### Task
Make an exact copy, from the records below, of the lines from the line containing "Thiết kế cảnh" to the line containing "Empezaremos machacando el", both lines included, excluding pictures.

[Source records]
[Start of Attachment]

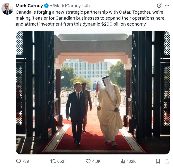 I know that, right now, some of you are involuntarily visualizing Mark Carney tapping away on his smartphone while sitting on the bed in his Doha hotel room with some Netflix movie playing in the background on the TV. Well, remove that awful thought from your filthy mind at once. There is no universe in which Mark Carney composes his own tweets.
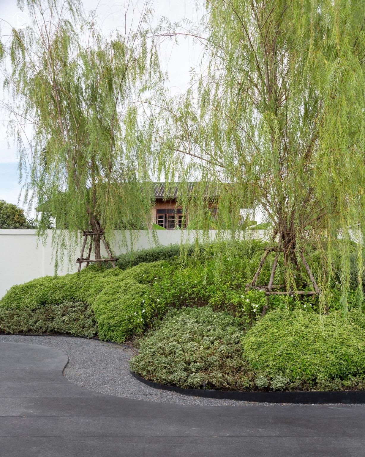 Thiết kế cảnh quan bắt đầu từ yêu cầu rõ ràng của gia chủ: đơn giản, dễ chăm sóc. Cây lá rủ mềm mại được ưu tiên, để kiến tạo bầu không khí chung nhẹ nhàng và thân thiện
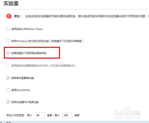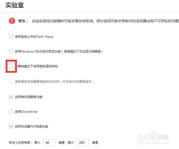 4、点击“在兼容模式下使用高级渲染特性”前面的小方框。
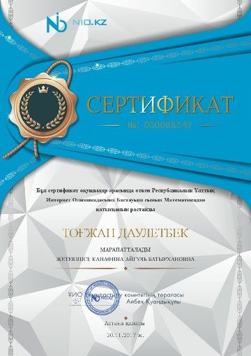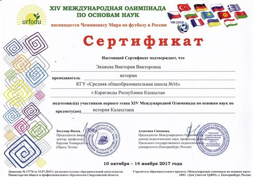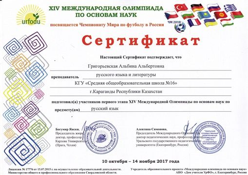 Ғылым негіздері бойынша XIV халықаралық олимпиадада келесі мектеп мұғалімдері сертификатпен марапатталды.
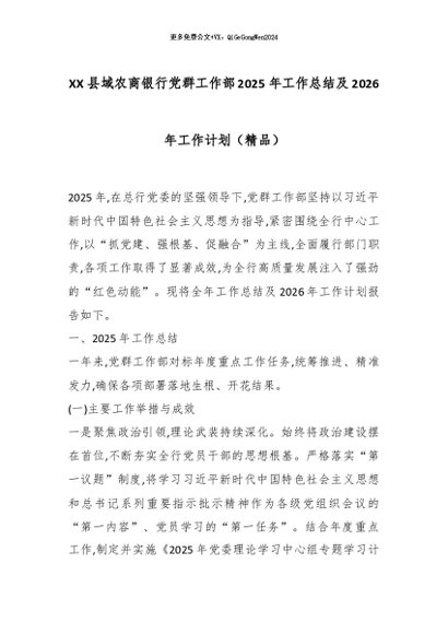 【七哥公文】2026年:XX县域农商银行党群工作部2025年工作总结及2026年工作计划(精品)+更多免费公文+VX:QiGeGongWen2024
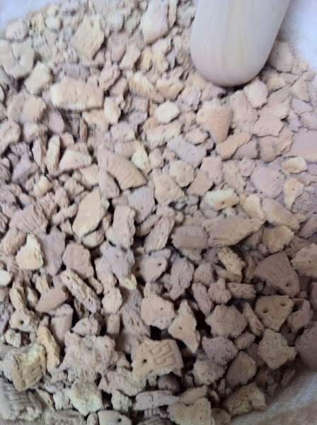 Empezaremos machacando el paquete de galletas Maria. Bien lo podeis hacer en la picadora, batidora, o con un mortero.
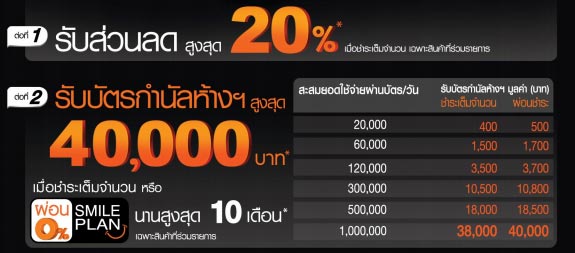 - การแลกรับบัตรกำนัล รวบรวมใบเสร็จ และเซลล์สลิป จากหมายเลขบัตรเดียวกัน วันเดียวกัน จากการใช้จ่ายผ่านบัตรฯ แบบชำระเต็มจำนวน หรือผ่อนชำระในงาน ครบตามข้อกำหนดเพื่อรับบัตรกำนัล โดยจะต้องทำการแลกรับภายในวันเดียวกันกับที่ทำรายการ / ไม่สามารถนำยอดชำระเต็มจำนวน และยอดชำระรวมกันเพื่อแลกรับบัตรกำนัล / จำกัดการแลกรับบัตรกำนัลสูงสุด 38,000 บาทต่อหมายเลขบัตร สำหรับชำระเต็มจำนวน และ 40,000 บาท ต่อหมายเลขบัตร สำหรับผ่อนชำระ ตลอดระยะเวลาส่งเสริมการขาย
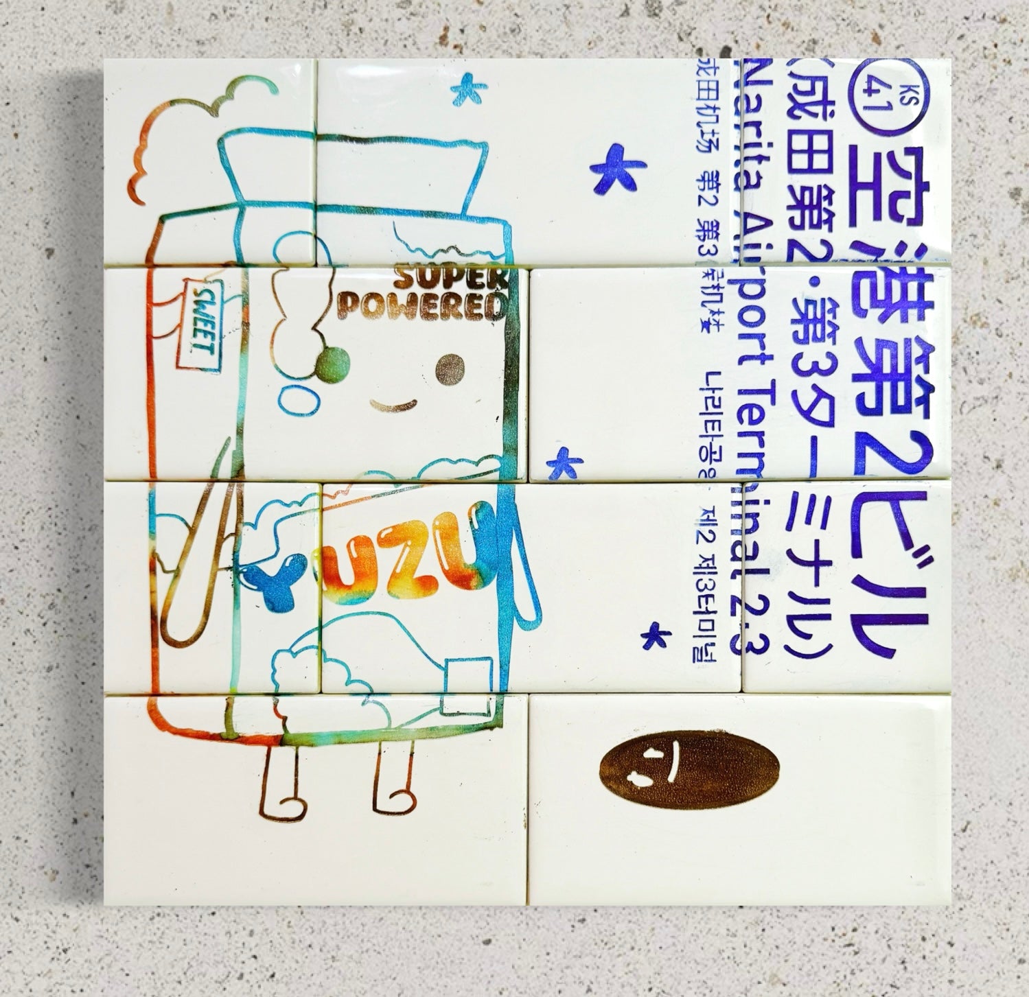 12x12 Multicolored hand dyed engraved tile on wood panel.
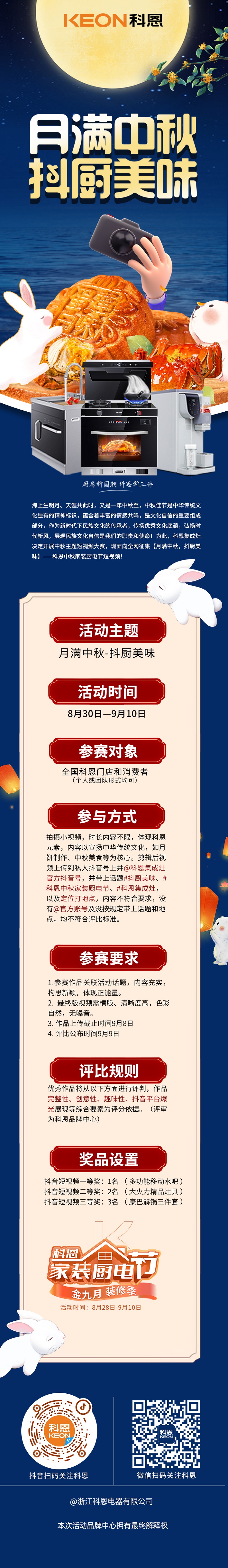 心動(dòng)不如行動(dòng)!除了1元享特權(quán)和直播大抽獎(jiǎng)活動(dòng),小科還為大家準(zhǔn)備了【月滿(mǎn)中秋,抖廚美味】科恩家裝廚電節(jié)中秋短視頻征集活動(dòng),炫酷、創(chuàng)意、戲精、腦洞、鬼馬,你想不想拍一段能“火”的視頻?拿起手機(jī),“抖”出精彩,你敢拍我就敢送!
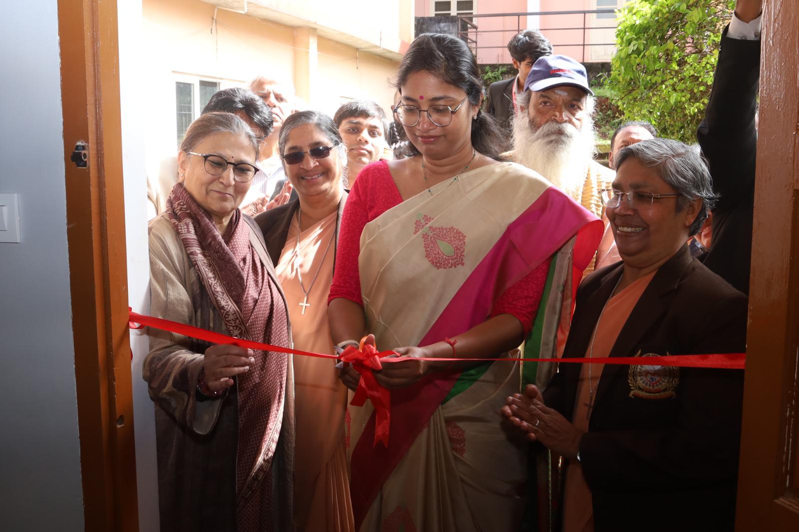 Tmt. Lakshmi Bhavya Tanneeru, District Collector, The Nilgiris, inaugurates the upgraded Data Lab and Video Conferencing Studio at Providence College as part of DigiShiksha by Microland Foundation, alongside Mrs. Kalpana Kar, Managing Trustee, Microland Foundation, and Dr. Sr. V. J. Sheela, Principal, Providence College
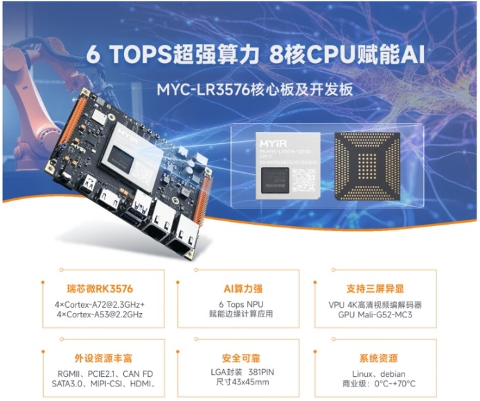 RK3576核心板的核心优势在于其卓越的AI算力,搭载四核A72与四核A53处理器,主频高达2.2GHz,结合6 TOPS的NPU加速器,支持多种深度学习框架。
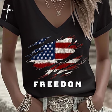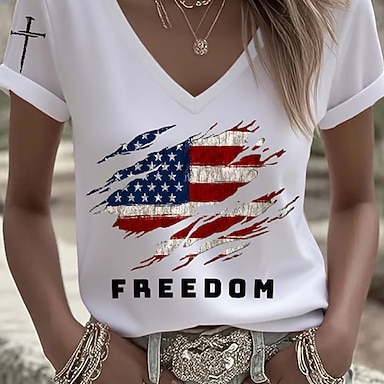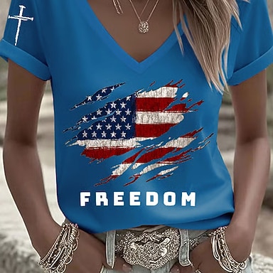 Dia da Independência Aniversário Americano Patriótico Camiseta Feminina Estampa Gráfica Bandeira Vintage Estilosa Clássica Manga Curta Decote em V Tamanhos Regulares Diários Azul Branco Azul Marinho
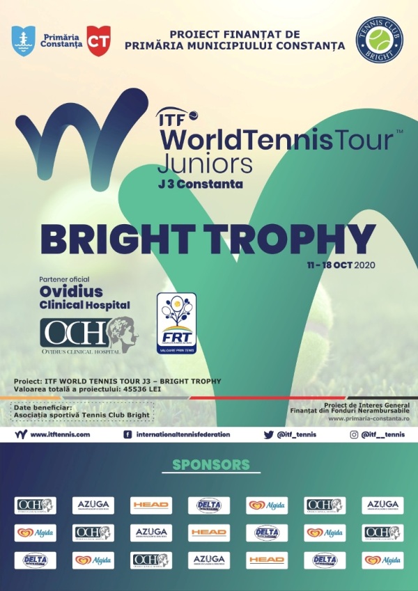 ITF WORLD TENNIS TOUR J3 – BRIGHT TROPHY , o competiţie la care participă nu mai puţin de 120 de jucători veniţi din 17 de ţări, atât din Europa cât și din America, este finanțat de Primăria Municipiului Constanţa.
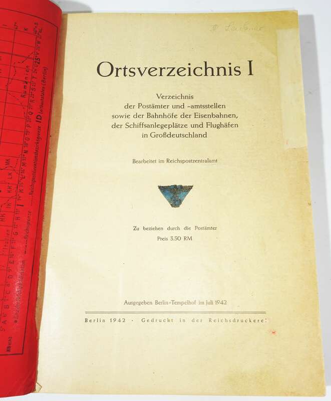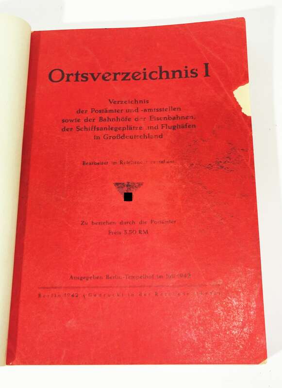 Ortsverzeichnis I Verzeichnis der Postämter Ämter Bahnhof Schiffsanlegeplatz Flughafen 1942
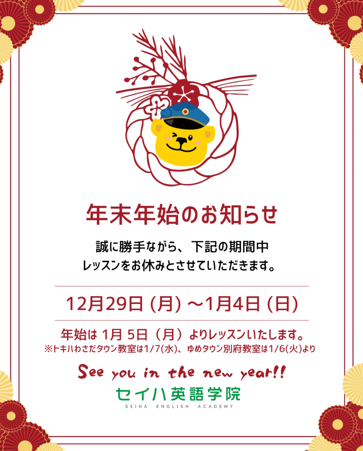 ※ 予告なく受付時間を変更する場合やスクールホリデー等があります。ご来校前にお電話にてご確認ください。
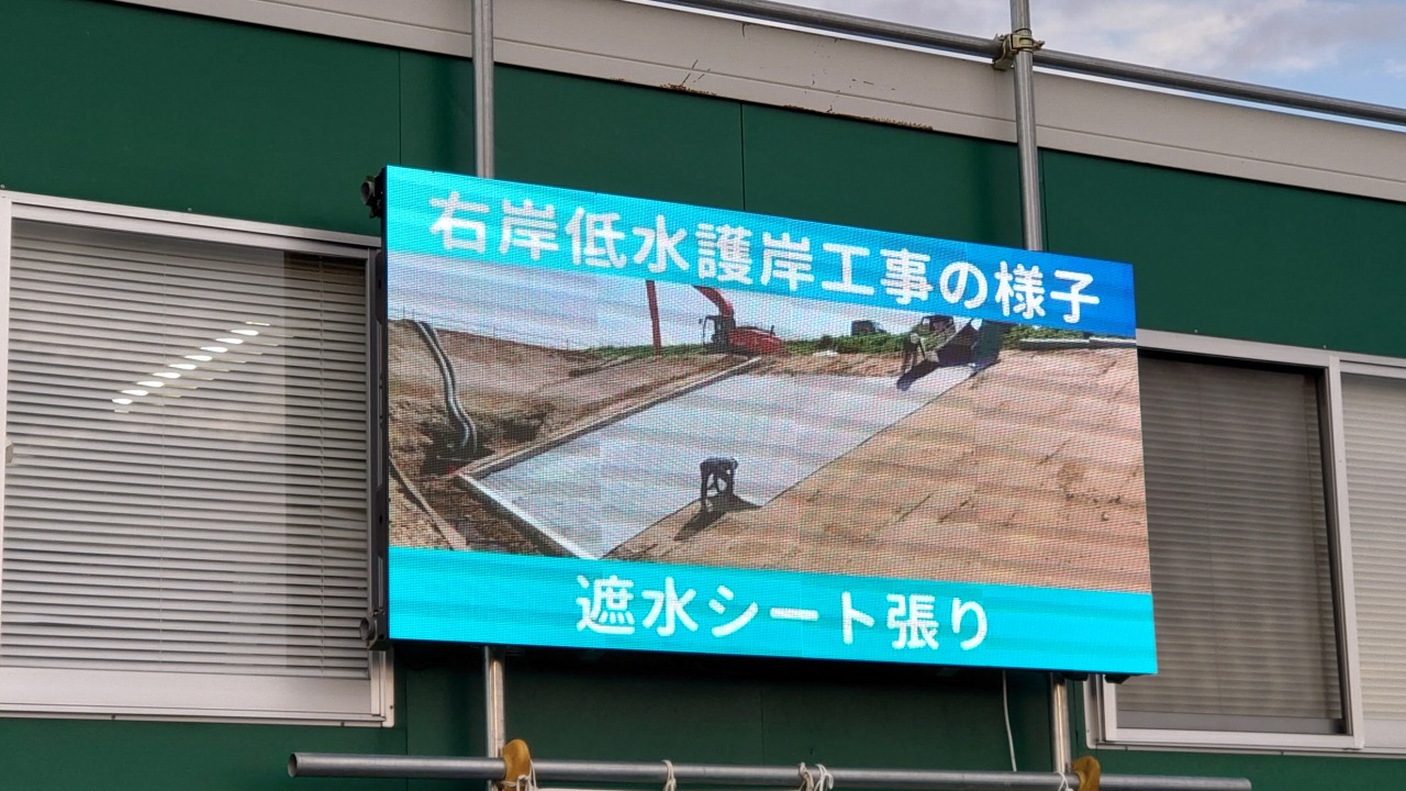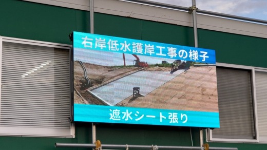 この工事は繰越しとなり、年度をまたいで右岸側の低水護岸工を増工で行うことになりました。

[End of Attachment]

### Answer box
 Thiết kế cảnh quan bắt đầu từ yêu cầu rõ ràng của gia chủ: đơn giản, dễ chăm sóc. Cây lá rủ mềm mại được ưu tiên, để kiến tạo bầu không khí chung nhẹ nhàng và thân thiện
 4、点击“在兼容模式下使用高级渲染特性”前面的小方框。
 Ғылым негіздері бойынша XIV халықаралық олимпиадада келесі мектеп мұғалімдері сертификатпен марапатталды.
 【七哥公文】2026年:XX县域农商银行党群工作部2025年工作总结及2026年工作计划(精品)+更多免费公文+VX:QiGeGongWen2024
 Empezaremos machacando el paquete de galletas Maria. Bien lo podeis hacer en la picadora, batidora, o con un mortero.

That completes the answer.